4.1. Age and Sex Distribution of the Patients of Cohorts
Table 8 represents the age and sex distribution for both
CohortT2DM&CVD and
CohortT2DM. It is observed that the number of elderly patients (≥60 years) is higher than others in both cohorts. It is well known that the risk of developing T2DM and CVD in elderly patients is very high [
58,
59]. In
Table 8, the number of female patients with both T2DM and CVD is higher than the number of female patients with only T2DM. On the other hand, the ratio of developing CVD in diabetic male patients is significantly lower. Regarding patients with T2DM, it has been shown that female patients have a higher risk of developing CVD than male patients [
60]. In addition, the age for the first group (
CohortT2DM&CVD) is higher than the second group (
CohortT2DM) for each age range. This is obvious, as we considered T2D leading to CVD for the first group; on the other hand, the second group considered only T2D. Thus, the selected two cohorts could be uniform to analyze in term of age and sex. Additionally, male patients have a higher prevalence than female patients for both cohorts. This is consistent with the data released by the Australian Institute of Health and Welfare (AIHW) [
53]. Thus, the research dataset is selected following the Australian government statistics.

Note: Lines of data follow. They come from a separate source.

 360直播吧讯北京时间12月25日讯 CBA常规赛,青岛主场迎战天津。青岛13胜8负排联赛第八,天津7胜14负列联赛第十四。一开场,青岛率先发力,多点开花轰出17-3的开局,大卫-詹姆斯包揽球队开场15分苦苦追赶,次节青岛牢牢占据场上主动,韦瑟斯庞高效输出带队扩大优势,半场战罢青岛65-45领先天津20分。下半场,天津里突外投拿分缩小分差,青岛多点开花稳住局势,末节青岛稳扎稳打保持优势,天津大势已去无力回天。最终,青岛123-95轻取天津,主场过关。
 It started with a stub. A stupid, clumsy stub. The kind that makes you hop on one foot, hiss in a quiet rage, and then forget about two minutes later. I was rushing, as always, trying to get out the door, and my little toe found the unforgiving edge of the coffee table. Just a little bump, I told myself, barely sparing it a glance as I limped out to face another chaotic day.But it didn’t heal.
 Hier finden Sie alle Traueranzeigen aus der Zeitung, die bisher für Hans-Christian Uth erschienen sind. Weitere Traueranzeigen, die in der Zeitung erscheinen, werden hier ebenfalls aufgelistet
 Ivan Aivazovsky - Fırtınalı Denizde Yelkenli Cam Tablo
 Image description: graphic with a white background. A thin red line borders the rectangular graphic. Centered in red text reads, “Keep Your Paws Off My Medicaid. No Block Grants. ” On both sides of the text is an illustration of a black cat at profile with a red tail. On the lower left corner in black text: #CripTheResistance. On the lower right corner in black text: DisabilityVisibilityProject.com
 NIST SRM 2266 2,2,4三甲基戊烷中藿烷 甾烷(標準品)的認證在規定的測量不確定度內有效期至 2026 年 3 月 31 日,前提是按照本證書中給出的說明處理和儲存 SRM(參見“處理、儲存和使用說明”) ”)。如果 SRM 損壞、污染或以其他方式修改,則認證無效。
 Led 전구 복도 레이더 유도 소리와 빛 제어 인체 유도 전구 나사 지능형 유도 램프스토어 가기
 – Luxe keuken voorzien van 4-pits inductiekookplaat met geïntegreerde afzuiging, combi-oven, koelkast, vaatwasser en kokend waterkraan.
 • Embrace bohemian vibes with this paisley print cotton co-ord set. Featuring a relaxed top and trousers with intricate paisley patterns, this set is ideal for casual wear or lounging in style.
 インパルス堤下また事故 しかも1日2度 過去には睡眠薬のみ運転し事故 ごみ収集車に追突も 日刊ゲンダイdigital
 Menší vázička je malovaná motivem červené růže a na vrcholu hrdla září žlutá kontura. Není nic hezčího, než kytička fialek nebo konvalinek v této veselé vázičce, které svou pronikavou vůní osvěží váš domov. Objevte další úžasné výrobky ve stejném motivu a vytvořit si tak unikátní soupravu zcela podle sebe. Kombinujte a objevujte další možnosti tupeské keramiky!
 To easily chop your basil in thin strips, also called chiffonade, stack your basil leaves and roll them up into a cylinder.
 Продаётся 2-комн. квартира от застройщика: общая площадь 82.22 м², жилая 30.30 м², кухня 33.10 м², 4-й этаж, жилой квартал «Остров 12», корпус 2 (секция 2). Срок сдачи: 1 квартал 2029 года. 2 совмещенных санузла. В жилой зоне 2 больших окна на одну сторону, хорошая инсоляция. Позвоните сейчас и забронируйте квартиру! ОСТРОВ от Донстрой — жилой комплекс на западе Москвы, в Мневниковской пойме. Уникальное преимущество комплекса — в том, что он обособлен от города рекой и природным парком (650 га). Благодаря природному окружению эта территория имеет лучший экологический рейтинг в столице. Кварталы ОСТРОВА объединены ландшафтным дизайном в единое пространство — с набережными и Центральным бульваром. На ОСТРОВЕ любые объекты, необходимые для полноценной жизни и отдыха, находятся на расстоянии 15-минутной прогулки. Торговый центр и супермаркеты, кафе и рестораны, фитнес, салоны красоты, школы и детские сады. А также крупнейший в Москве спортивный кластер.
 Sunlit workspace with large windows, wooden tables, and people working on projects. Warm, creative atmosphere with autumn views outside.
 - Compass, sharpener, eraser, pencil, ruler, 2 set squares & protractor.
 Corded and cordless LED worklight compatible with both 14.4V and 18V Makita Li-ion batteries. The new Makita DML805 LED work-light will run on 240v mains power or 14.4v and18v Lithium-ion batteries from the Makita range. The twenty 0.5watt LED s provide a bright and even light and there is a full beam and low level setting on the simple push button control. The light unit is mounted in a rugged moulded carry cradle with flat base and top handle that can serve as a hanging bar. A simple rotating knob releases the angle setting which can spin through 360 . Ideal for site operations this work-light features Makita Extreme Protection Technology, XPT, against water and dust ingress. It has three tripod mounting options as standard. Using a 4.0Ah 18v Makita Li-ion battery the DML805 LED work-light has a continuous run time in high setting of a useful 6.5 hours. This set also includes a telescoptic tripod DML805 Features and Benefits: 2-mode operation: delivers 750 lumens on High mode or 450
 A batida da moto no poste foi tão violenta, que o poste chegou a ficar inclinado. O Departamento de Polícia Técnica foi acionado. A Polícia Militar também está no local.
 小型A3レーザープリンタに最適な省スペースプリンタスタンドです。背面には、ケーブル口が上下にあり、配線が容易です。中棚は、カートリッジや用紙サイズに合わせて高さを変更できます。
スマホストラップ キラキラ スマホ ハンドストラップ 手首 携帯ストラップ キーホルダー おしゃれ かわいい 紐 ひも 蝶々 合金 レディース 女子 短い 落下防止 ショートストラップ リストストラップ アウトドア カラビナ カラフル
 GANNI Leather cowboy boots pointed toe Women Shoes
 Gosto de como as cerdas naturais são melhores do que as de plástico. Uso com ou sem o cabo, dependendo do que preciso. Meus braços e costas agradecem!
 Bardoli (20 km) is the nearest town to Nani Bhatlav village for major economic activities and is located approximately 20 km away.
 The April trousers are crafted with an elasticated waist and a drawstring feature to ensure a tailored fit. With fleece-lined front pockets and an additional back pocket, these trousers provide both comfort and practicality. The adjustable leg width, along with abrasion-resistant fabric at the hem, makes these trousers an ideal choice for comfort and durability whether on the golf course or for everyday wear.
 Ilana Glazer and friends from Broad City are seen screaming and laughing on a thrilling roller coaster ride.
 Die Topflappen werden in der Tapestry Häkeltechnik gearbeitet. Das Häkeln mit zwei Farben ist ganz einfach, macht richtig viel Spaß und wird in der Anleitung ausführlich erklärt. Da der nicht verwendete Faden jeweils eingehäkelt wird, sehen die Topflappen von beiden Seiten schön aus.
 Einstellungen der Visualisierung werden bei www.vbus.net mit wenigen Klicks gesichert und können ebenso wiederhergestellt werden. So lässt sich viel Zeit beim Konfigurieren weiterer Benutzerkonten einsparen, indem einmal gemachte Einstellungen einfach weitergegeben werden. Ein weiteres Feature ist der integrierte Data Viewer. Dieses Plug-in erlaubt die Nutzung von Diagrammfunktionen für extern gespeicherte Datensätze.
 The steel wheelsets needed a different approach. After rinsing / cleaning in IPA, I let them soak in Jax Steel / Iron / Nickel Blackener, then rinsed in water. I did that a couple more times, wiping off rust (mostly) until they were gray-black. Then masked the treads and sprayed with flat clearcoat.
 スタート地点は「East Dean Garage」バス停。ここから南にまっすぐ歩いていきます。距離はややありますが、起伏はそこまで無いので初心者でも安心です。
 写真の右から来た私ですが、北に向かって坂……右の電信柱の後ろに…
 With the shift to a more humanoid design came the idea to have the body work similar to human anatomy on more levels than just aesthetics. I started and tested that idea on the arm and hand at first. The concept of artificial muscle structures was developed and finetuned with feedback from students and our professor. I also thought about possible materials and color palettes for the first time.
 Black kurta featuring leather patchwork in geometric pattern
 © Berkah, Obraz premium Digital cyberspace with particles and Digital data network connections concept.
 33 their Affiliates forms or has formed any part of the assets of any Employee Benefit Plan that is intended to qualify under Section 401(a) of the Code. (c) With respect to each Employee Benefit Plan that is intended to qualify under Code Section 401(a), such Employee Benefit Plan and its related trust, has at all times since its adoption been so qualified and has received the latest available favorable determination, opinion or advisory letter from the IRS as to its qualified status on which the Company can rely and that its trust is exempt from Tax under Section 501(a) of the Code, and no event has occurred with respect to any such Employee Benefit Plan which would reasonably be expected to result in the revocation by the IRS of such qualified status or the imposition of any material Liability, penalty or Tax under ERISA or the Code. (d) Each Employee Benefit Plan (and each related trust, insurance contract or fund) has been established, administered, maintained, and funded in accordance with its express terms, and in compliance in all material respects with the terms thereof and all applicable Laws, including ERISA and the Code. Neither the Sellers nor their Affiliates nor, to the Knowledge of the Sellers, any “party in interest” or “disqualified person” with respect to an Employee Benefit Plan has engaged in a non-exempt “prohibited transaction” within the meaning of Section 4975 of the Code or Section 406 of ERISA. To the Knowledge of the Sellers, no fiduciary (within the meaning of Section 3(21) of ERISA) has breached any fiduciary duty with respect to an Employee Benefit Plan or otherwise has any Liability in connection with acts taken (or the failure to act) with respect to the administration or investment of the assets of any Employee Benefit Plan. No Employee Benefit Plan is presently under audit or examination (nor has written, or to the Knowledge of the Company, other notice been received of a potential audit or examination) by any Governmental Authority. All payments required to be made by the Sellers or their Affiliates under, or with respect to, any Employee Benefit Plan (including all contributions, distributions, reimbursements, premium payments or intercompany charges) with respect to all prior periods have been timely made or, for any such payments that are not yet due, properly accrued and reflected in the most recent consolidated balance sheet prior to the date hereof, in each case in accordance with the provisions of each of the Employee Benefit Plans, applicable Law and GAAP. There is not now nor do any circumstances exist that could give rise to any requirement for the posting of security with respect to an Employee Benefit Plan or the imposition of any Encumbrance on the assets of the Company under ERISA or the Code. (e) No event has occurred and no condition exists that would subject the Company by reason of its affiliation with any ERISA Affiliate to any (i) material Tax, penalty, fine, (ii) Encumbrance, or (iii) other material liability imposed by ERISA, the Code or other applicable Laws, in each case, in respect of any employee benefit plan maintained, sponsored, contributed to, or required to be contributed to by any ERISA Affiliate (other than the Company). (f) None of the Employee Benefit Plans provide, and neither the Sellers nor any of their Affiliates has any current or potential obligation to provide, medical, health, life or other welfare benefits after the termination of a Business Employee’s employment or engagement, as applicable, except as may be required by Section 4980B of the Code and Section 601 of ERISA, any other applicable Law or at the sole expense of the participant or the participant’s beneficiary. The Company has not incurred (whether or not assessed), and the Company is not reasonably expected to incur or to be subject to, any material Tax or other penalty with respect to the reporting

4.2. Limitations of the Proposed Framework and Potential Future Works
This study has several limitations. The main limitation comes from the fact that the dataset used in this study uses real-world healthcare data. The quality of coding of these datasets is the main constraint because of the different coding criteria across different hospitals. The changing trend of policy is a cause of changes in the coding system. In addition, the expertise of clinical coders, funding and time constraints can affect the quality of coding. The data used in this study come from the hospital admissions and discharge summaries; thus, they do not include the GP (general practitioners) records and subsequent diagnoses. This may underestimate the comorbidity conditions of the patients. Additionally, the dataset collected from a private health insurer does not contain the information about the patients when they are admitted to a public hospital as public patients. However, most of these limitations are common for most administrative datasets. Another limitation of this study is that it does not include ischemic heart disease, acute myocardial infarction and stroke as a CVD since this study used the cardiovascular diseases mentioned in the Elixhauser comorbidity index. Also, this study cannot draw the time span between first and last hospitalization, as the selection criteria for cohorts limits the amount of data. Thus, the study considers the patients of cohorts with at least one hospitalization. Nevertheless, despite these limitations, the proposed framework could be useful for healthcare providers to obtain a better understanding of the progression of CVD in patients with T2DM.
As future work, the features extracted from the final disease network of chronic disease comorbidities can be utilized to develop a predictive model for future chronic disease. This can be implemented by comparing the final disease network with the individual disease network of a test patient. If the features of the test patient’s network match significantly with the features of the final disease network, the patient might be progressing on that chronic disease pathway.